The petition alleged that respondent lacked the capacity to manage
her own affairs or to make important decisions concerning her
“person, family [sic] or property[.]” The same day, a notice of
“Hearing on Incompetence and Order Appointing Guardian Ad Litem”
was filed. A hearing was conducted on 26 April 2007 by Theresa
Hinshaw, assistant clerk of Forsyth County Superior Court (clerk
Hinshaw). Numerous individuals were present at the hearing,
including appellant, who is the brother of respondent.

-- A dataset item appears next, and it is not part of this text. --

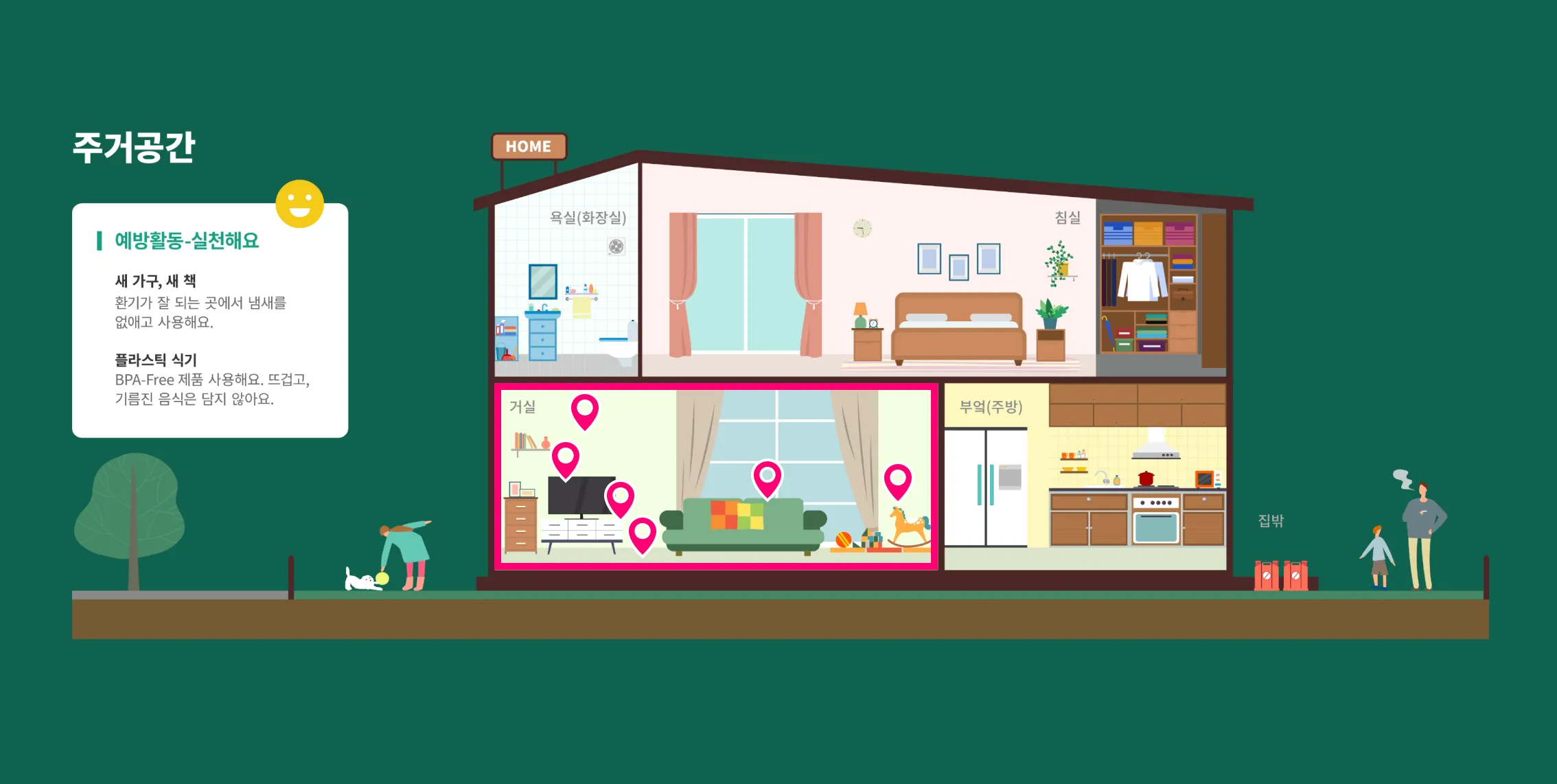 주거공간(거실) 생활 속 환경유해인자 - 벽면, 카펫, 건전지, 새가구, TV, 어린이용품 구분되어 있습니다.

After the
hearing, clerk Hinshaw announced in open court that she found
respondent to be incompetent, and she orally appointed Bryan
Thompson (Mr. Thompson) as guardian of the estate. On 3 May 2007,
clerk Hinshaw signed and dated an order (incompetency order)
finding “by clear, cogent, and convincing evidence that the
respondent [was] incompetent.” Additionally, clerk Hinshaw signed
and dated an order authorizing issuance of letters appointing Mr.
Thompson guardian of the estate.
Thereafter, appellant filed a “Petition for Removal of
Guardianship of the Person” and a “Motion to Set Aside the
Adjudication of Incompetence Order and Ask For a Rehearing[.]”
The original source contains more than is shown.